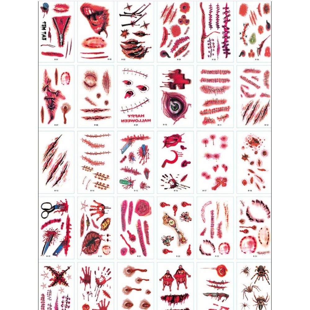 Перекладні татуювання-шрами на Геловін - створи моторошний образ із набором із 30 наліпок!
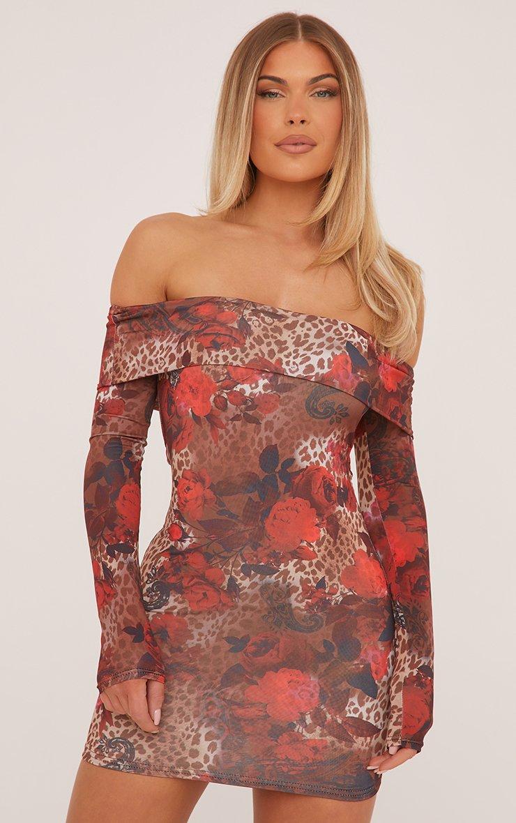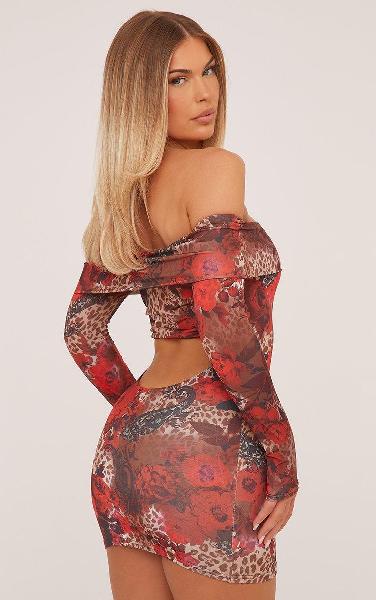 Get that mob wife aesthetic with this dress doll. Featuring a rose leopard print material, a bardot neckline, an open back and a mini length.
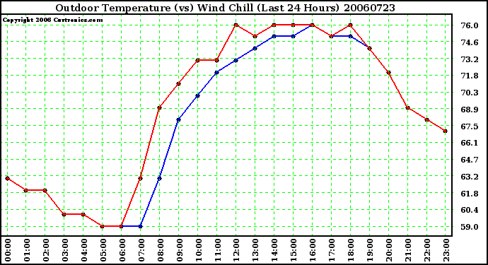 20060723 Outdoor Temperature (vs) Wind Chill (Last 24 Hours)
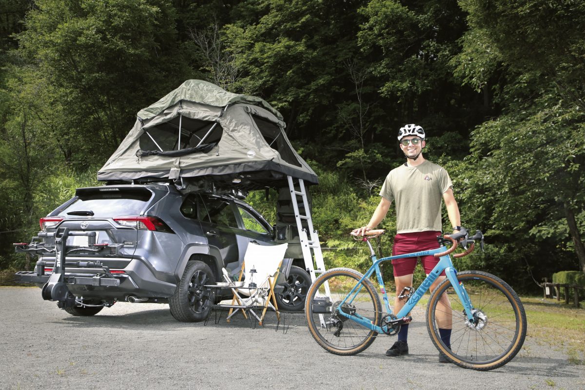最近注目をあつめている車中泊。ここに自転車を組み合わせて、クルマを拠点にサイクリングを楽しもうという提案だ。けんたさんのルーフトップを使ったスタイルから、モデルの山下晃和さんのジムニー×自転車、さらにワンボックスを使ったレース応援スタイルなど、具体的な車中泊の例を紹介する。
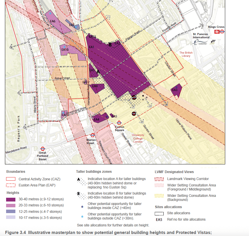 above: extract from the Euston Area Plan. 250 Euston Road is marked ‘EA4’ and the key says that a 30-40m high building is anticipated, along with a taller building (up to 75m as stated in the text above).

◇ ◇ ◇

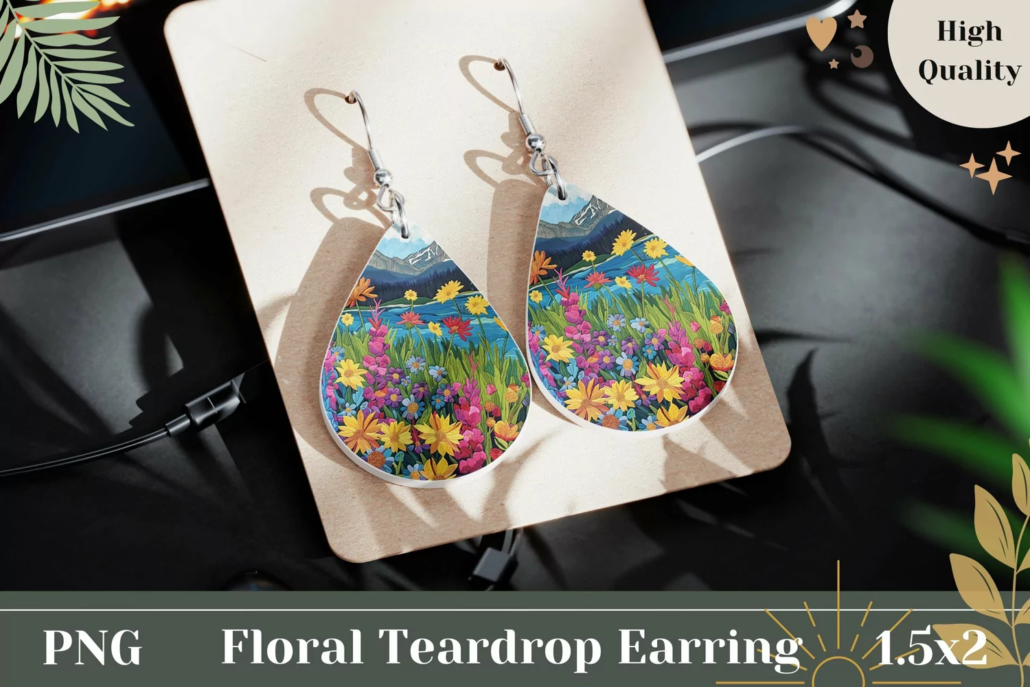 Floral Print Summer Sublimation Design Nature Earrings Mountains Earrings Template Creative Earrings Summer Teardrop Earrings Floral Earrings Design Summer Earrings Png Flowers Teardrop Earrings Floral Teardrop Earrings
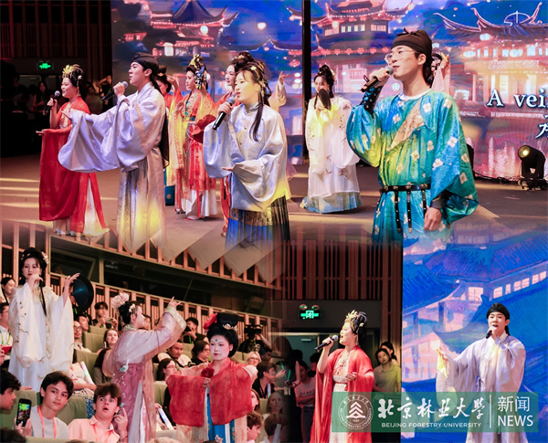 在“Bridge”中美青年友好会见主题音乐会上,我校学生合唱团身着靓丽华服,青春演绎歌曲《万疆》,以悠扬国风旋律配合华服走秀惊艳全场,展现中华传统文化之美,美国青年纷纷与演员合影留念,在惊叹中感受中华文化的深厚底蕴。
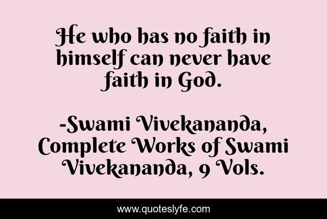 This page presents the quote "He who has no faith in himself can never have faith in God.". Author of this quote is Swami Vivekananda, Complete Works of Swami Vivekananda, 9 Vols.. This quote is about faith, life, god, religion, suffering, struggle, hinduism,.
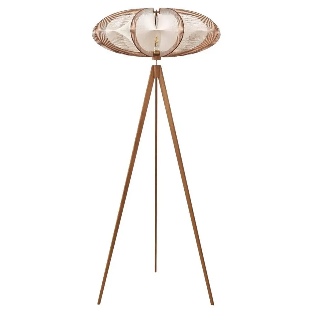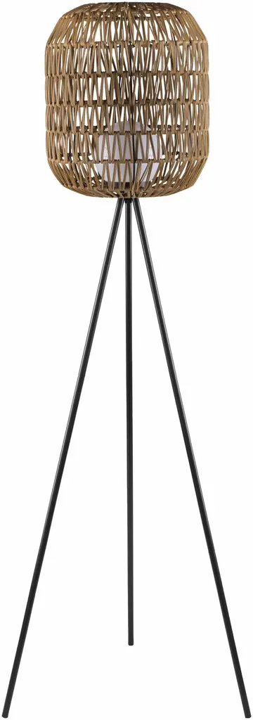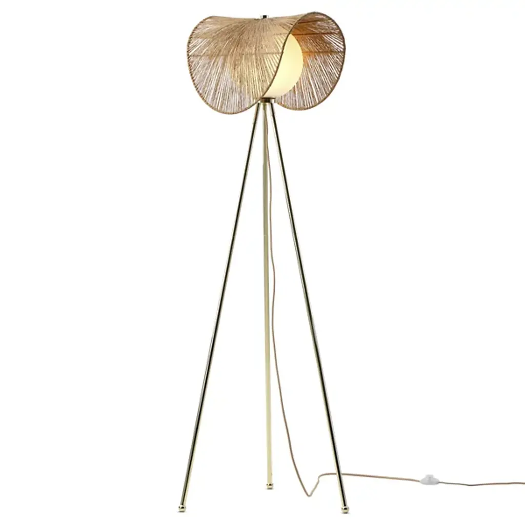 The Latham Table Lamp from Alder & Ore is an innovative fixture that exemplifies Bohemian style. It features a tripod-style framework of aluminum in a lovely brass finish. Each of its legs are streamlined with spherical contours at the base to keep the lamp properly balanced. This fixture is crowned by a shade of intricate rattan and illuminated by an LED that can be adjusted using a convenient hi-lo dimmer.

◇ ◇ ◇

§ EXERCISE
Could you repeat, exactly, only the lines above starting at the one that has "Floral Print Summer" and stopping after the one that has "The Latham Table", without the pictures?

§ ANSWER TO THIS PROBLEM
 Floral Print Summer Sublimation Design Nature Earrings Mountains Earrings Template Creative Earrings Summer Teardrop Earrings Floral Earrings Design Summer Earrings Png Flowers Teardrop Earrings Floral Teardrop Earrings
 在“Bridge”中美青年友好会见主题音乐会上,我校学生合唱团身着靓丽华服,青春演绎歌曲《万疆》,以悠扬国风旋律配合华服走秀惊艳全场,展现中华传统文化之美,美国青年纷纷与演员合影留念,在惊叹中感受中华文化的深厚底蕴。
 This page presents the quote "He who has no faith in himself can never have faith in God.". Author of this quote is Swami Vivekananda, Complete Works of Swami Vivekananda, 9 Vols.. This quote is about faith, life, god, religion, suffering, struggle, hinduism,.
 The Latham Table Lamp from Alder & Ore is an innovative fixture that exemplifies Bohemian style. It features a tripod-style framework of aluminum in a lovely brass finish. Each of its legs are streamlined with spherical contours at the base to keep the lamp properly balanced. This fixture is crowned by a shade of intricate rattan and illuminated by an LED that can be adjusted using a convenient hi-lo dimmer.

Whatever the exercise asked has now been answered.